Banana Republics, the historic form of American dominance over the Central Americas for economic gain, seem to have resurfaced in the minds of many of the American people. The question that is on the people’s minds is what are those countries doing now?

Colombia, filled with many former plantations, underwent the withdrawal of the corporations and the installation of a weak and ineffective democracy. Currently it is reputed in American society to be a country full of drug lords and marijuana farms.

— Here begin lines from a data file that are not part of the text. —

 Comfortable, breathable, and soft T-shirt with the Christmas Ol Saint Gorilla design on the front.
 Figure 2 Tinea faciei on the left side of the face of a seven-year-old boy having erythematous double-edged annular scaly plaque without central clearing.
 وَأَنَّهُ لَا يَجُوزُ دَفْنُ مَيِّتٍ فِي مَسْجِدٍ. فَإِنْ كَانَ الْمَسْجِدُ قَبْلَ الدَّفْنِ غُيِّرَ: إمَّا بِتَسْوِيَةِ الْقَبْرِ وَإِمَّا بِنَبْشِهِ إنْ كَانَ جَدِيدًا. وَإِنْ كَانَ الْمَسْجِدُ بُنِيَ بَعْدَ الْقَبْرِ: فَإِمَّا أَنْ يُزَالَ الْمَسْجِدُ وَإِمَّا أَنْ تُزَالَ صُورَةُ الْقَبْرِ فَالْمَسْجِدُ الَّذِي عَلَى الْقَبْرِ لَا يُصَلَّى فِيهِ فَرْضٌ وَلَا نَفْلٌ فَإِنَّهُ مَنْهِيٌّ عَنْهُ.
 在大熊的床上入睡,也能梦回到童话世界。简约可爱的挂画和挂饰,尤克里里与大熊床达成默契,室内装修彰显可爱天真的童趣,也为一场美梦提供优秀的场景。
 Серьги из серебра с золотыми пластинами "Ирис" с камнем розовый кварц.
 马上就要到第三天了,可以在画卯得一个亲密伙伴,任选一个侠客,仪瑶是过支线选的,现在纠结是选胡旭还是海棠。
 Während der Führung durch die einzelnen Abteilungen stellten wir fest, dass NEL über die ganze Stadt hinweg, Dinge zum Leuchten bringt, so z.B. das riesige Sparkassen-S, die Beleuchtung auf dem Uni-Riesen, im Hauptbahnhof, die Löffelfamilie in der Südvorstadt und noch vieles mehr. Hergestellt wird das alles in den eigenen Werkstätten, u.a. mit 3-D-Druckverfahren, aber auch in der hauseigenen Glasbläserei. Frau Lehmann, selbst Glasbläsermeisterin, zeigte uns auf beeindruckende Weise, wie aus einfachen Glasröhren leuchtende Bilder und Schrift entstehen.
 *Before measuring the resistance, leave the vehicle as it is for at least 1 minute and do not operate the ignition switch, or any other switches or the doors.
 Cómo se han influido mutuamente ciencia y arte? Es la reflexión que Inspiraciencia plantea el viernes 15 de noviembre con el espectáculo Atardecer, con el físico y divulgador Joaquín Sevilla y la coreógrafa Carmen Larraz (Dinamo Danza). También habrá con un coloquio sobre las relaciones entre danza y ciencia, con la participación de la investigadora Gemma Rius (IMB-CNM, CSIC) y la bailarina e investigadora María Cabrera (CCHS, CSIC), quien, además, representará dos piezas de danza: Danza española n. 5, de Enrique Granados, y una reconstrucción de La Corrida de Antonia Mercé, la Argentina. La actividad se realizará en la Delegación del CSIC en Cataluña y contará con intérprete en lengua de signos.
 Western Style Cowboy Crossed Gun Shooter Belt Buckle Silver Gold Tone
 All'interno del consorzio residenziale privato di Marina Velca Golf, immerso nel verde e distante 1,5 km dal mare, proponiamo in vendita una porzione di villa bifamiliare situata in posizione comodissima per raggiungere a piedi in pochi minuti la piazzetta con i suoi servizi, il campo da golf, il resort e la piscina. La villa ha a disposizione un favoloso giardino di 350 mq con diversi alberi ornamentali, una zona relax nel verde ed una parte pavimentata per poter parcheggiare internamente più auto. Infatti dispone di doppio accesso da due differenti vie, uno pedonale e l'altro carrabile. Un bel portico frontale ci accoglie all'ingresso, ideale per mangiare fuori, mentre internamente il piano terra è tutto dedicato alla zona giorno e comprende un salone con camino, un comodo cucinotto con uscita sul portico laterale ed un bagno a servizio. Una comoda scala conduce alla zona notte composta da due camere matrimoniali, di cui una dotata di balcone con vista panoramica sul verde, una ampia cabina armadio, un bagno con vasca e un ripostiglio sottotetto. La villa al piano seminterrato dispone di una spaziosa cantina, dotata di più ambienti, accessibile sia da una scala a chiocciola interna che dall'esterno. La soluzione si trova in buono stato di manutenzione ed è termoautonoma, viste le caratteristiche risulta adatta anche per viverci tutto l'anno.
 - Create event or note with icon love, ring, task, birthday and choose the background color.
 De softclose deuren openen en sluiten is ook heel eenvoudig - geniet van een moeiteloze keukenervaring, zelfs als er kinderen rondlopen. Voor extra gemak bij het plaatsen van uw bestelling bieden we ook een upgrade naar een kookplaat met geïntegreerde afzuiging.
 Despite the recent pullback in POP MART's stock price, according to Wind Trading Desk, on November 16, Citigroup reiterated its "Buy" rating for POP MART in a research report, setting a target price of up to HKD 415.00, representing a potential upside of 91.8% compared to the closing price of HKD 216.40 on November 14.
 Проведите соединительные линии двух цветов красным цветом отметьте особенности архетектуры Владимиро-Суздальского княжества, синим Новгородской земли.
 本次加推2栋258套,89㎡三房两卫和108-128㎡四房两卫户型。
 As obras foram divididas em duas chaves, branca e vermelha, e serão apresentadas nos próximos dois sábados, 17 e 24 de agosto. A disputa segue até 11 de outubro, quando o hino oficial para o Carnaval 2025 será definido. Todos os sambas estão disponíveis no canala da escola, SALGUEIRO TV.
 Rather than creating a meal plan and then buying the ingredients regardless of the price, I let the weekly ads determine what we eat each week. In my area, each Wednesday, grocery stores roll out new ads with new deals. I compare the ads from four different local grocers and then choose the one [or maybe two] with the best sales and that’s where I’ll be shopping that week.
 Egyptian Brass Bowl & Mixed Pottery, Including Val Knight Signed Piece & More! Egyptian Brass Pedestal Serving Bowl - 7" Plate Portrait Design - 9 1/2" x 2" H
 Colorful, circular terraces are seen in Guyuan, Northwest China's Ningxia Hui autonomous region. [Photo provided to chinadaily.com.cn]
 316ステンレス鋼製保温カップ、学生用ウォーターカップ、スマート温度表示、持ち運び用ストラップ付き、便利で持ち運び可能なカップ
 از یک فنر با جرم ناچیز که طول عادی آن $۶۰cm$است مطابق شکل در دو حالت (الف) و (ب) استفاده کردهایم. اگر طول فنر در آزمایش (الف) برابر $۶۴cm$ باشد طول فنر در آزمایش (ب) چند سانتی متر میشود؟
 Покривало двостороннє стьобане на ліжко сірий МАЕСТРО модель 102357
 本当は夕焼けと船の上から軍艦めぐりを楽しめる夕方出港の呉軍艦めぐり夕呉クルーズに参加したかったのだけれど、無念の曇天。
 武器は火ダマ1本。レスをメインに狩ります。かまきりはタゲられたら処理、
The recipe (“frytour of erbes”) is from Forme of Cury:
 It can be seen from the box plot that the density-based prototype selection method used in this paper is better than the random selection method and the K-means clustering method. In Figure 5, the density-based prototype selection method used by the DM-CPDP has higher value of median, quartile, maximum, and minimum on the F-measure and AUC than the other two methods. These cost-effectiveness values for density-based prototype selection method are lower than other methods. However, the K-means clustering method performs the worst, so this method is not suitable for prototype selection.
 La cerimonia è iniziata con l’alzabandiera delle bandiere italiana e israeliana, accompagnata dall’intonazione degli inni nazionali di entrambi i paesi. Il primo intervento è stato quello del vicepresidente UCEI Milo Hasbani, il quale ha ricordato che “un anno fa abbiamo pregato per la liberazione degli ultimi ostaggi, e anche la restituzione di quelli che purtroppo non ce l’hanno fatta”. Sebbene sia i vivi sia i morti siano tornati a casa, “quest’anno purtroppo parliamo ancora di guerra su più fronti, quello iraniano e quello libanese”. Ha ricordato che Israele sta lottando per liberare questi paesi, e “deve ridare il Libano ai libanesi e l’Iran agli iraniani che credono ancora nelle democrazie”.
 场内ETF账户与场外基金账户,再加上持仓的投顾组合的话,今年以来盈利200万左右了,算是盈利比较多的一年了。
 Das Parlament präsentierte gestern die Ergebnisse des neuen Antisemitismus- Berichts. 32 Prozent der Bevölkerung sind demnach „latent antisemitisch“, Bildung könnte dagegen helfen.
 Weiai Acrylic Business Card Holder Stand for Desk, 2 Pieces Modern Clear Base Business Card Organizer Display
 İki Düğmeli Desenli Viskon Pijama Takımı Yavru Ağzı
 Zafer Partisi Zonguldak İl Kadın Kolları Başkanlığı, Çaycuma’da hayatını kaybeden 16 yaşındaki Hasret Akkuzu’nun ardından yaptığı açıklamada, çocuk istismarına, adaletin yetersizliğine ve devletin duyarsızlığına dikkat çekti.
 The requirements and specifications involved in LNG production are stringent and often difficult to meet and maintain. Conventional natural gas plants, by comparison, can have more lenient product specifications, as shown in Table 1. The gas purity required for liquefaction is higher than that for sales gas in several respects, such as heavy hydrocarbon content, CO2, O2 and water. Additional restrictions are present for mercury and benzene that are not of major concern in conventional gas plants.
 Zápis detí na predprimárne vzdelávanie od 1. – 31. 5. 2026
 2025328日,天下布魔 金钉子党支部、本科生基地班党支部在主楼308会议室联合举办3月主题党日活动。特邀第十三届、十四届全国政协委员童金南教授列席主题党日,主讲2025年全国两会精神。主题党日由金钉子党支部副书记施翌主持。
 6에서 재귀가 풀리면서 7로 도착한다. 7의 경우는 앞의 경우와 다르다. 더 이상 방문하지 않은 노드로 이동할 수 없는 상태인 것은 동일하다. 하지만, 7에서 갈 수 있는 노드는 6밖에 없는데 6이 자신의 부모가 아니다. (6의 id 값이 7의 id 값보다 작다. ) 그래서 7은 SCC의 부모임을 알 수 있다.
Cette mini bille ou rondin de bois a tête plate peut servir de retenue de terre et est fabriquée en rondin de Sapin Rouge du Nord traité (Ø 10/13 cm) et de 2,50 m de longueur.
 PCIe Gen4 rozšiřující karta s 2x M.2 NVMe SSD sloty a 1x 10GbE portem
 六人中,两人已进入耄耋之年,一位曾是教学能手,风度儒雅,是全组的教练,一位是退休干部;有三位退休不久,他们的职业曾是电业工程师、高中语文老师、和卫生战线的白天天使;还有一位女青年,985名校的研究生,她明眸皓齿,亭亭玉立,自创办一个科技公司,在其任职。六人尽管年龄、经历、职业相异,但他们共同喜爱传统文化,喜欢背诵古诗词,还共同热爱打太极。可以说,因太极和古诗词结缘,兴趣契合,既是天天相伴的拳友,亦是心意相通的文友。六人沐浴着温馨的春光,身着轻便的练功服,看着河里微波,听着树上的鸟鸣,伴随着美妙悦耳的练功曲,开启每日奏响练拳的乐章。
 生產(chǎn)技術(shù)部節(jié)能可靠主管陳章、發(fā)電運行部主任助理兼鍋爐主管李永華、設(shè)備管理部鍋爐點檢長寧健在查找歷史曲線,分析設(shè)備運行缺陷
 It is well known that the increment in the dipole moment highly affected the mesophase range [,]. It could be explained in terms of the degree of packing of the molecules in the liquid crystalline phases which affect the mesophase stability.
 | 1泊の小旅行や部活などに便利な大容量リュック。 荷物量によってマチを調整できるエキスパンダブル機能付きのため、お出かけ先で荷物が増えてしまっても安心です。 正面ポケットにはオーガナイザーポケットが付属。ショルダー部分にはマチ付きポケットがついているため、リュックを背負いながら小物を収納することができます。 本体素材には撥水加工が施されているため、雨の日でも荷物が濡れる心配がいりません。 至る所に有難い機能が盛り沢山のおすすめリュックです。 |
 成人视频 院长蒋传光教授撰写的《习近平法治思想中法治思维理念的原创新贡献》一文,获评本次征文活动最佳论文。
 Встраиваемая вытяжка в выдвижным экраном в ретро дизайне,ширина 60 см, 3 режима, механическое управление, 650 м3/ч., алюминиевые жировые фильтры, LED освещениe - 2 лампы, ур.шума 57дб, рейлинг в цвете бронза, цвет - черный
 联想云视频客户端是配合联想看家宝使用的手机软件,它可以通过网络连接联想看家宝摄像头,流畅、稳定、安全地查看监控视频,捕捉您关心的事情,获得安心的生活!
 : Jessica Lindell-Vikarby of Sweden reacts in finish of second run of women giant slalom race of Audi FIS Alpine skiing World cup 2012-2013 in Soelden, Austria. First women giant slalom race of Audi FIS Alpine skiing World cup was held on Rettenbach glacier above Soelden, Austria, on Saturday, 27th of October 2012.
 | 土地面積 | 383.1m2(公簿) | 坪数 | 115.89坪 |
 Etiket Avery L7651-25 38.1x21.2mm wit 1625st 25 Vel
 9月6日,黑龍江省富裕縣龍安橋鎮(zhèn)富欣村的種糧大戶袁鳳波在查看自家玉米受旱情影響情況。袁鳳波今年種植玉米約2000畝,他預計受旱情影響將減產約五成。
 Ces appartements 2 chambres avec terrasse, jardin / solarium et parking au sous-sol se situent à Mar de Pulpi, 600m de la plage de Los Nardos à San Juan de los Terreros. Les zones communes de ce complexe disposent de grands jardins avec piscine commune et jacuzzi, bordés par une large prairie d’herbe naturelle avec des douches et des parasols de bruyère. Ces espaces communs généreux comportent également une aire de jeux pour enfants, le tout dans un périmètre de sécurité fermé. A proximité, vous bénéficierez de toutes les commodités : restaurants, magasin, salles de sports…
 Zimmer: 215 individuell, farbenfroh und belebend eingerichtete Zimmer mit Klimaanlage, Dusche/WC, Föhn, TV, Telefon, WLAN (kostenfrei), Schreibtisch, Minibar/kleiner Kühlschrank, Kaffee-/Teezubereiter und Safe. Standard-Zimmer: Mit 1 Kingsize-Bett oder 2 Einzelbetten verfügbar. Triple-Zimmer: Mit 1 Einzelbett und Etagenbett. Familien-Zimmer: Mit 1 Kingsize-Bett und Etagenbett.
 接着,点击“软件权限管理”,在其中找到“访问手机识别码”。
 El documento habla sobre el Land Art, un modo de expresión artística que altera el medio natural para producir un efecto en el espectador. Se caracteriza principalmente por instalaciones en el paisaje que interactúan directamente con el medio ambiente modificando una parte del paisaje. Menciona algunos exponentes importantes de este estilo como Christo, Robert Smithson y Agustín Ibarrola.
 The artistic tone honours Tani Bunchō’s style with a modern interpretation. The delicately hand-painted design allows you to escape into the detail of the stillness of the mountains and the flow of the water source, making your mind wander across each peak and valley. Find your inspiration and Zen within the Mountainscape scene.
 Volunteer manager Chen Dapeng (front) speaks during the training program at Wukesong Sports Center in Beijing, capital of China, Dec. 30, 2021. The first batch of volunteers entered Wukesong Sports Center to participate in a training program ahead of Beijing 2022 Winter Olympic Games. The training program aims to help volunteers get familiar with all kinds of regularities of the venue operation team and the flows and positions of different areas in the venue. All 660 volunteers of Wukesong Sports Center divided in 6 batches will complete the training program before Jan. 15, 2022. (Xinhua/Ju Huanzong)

Combining the nations of Guatemala, Nicaragua, El Salvador, and Honduras, a single conclusion is arrived at, they aren’t doing to well either. Do they all have democracies? Yes. Are they functional democracies that protect their citizens? Not really. They are pretty much entirely controlled by the drug cartels and only have the basic infrastructure of a first-world nation. Their failure is best shown in the migrant trains that frequently protrude upon the American southern border.

Unlike the others, Costa Rica is enjoying relative success, at least on the macroscale, as it has a comparatively large tourist industry. However, the tourist industry is not the country, and many citizens in rural areas might as well be in any other Central American country, as they see no direct benefits from the heavily commercialized coast.

Panama is the only country that can be considered to be a successful country with a stable source of prosperity. This source is the Panama Canal, which makes Panama a Venice of the modern world, with billions, if not trillions of dollars in trade goods flowing through their every year. This makes Panama a source of wealth in Central America, and even elicits contempt from some patriotic Americans.

Commenting upon Panama, Cameron McGinnis, 12, remarked, “I think America should take back the Panama Canal.”

All in all, the former Banana Republics of Central and South America can be said to be enjoying a time of moderate success, but with their own pros and cons, it is not possible to throw all these eggs into one stereotypical basket of said moderate success, for some of them are not successful at all.